Empedocles on Etna [excerpt]

ACT I: SCENE II

Noon. A Glen on the highest skirts
of the woodyregion of Etna

... ... ... ...

EMPEDOCLES

That was my harp-player again!—where is he?
Down by the stream

PAUSANIAS

                                                Yes, Master, in the wood.

EMPEDOCLES

He ever loved the Theban story well!
But the day wears. Go now, Pausanias,
For I must be alone. Leave me one mule;
Take down with thee the rest to Catana.
And for young Callicles, thank him from me;
Tell him I never fail’d to love his lyre
But he must follow me no more tonight.

PAUSANIAS

Thou wilt return to-morrow to the city?

EMPEDOCLES

Either to-morrow or some other day,
In the sure revolutions of the world,
Good friend, I shall revisit Catana.
I have seen many cities in my time
Till my eyes ache with the long spectacle,
And I shall doubtless see them all again;
Thou know’st me for a wanderer from of old.
Meanwhile, stay me not now. Farewell, Pausanias!
                        [He departs on his way up the mountain.

PAUSANIAS (alone)

I dare not urge him further; he must go.
But he is strangely wrought!—I will speed back
And bring Peisianax to him from the city;
His counsel could once soothe him. But, Apollo!
How his brow lighten’d as the music rose!
Callicles must wait here, and play to him;
I saw him through the chestnuts far below,
Just since, down at the stream.—Ho! Callicles!
                                                [He descends, calling.

 

ACT II

Evening. The Summit of Etna

EMPEDOCLES

                                                Alone!—
On this charr’d, blacken’d, melancholy waste,
Crown’d by the awful peak, Etna’s great mouth,
Round which the sullen vapour rolls—alone
Pausanias is far hence, and that is well,
For I must henceforth speak no more with man.
He has his lesson too, and that debt’s paid;
And the good, learned, friendly, quiet man,
May bravelier front his life, and in himself
Find henceforth energy and heart; but I,
The weary man, the banish’d citizen—
Whose banishment is not his greatest ill,
Whose weariness no energy can reach,
And for whose hurt courage is not the cure—
What should I do with life and living more?

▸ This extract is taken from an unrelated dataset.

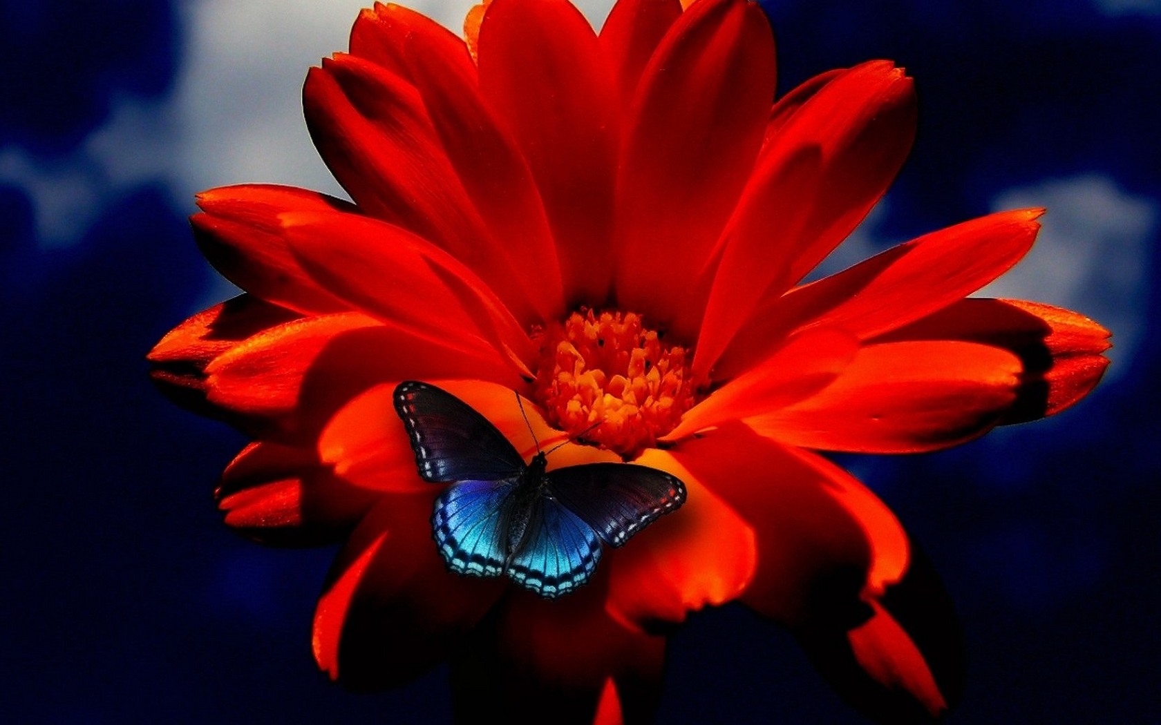 Description: A butterfly is sitting on a red flower with a blue background and clouds in the background.

No, thou art come too late, Empedocles!
And the world hath the day, and must break thee,
Not thou the world. With men thou canst not live,
Their thoughts, their ways, their wishes, are not thine;
And being lonely thou art miserable,
For something has impair’d thy spirit’s strength,
And dried its self-sufficing fount of joy.
Thou canst not live with men nor with thyself—
Oh sage! oh sage!—Take then the one way left;
And turn thee to the elements, thy friends,
Thy well-tried friends, thy willing ministers,
And say:—Ye servants, hear Empedocles,
Who asks this final service at your hands!
Before the sophist brood hath overlaid
The last spark of man’s consciousness with words—
Ere quite the being of man, ere quite the world
Be disarray’d of their divinity—
Before the soul lose all her solemn joys,
And awe be dead, and hope impossible,
And the soul’s deep eternal night come on,
Receive me, hide me, quench me, take me home!
            [He advances to the edge of the crater. Smoke
                    and fire break forth with a loud noise, and
                    CALLICLES is heard below singing:—

The lyre’s voice is lovely everywhere!
In the court of Gods, in the city of men,
And in the lonely rock-strewn mountain glen.
In the still mountain air.

Only to Typho it sounds hatefully!
To Typho only, the rebel o’erthrown,
Through whose heart Etna drives her roots of stone,
To imbed them in the sea.

... ... ... ...

Oh that I could glow like this mountain!
Oh that my heart bounded with the swell of the sea!
Oh that my soul were full of light as the stars!
Oh that it brooded over the world like the air!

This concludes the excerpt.